Page MenuHomePhabricator

Puppet failure on all hosts with Error: Could not retrieve catalog from remote server: Error 400 on SERVER: Mysql::Error: Out of range value for column 'id' at row 1: INSERT INTO `fact_values` (`updated_at`, `host_id`, `created_at`, `fact_name_id`, `value`) VALUES('date', etc)
Closed, ResolvedPublic

Description

For some reason, puppet facts on MySQL are stored with a large gap (probably because they are deleted an inserted with new ids every time). This lead to an overflow on the id column of the table fact_values of the puppet database, backend to the puppet operations infrastructure (as of these lines, db1001 is the master of the m1 shard). The error will show on the puppet logs as:

Error: Could not retrieve catalog from remote server: Error 400 on SERVER: Mysql::Error: Out of range value for column 'id' at row 1: INSERT INTO `fact_values` (`updated_at`, `host_id`, `created_at`, `fact_name_id`, `value`) VALUES('2015-08-03 12:45:36', 512, '2015-08-03 12:45:36', 432, '9677.12')
Warning: Not using cache on failed catalog
Error: Could not retrieve catalog; skipping run

TRUNCATE TABLE puppet.fact_values; resets the id values and fixes the issue (following puppet runs will recreate the values).

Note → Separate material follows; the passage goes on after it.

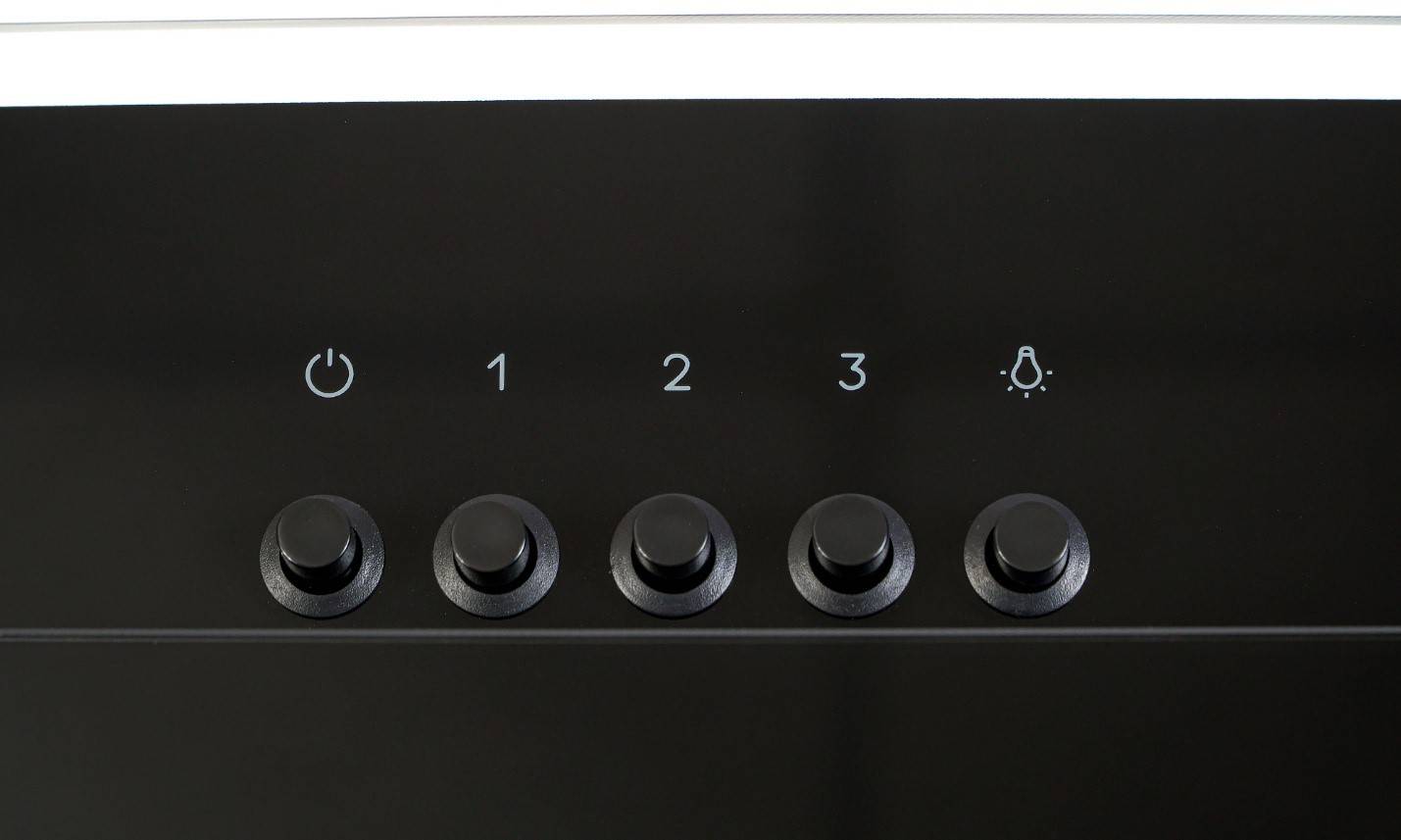 Обычно присутствуют кнопки включения устройства, включения подсветки и регулировки скорости. Это управление вытяжки чаще всего встречается в бюджетных моделях.

Monitor the table for the following days to see if the gap is a large issue and it requires a more long-term fix (converting to bigint, patching puppet)

Event Timeline

jcrespo raised the priority of this task from to Low.
jcrespo updated the task description. (Show Details)
jcrespo added projects: acl*sre-team, DBA, Puppet.
jcrespo added a subscriber: jcrespo.

Workaround documented on https://wikitech.wikimedia.org/wiki/Puppet#Troubleshooting

We believe this will fix issues for 2E9 years... or it will fail horribly on January 2017. But better try than doing nothing.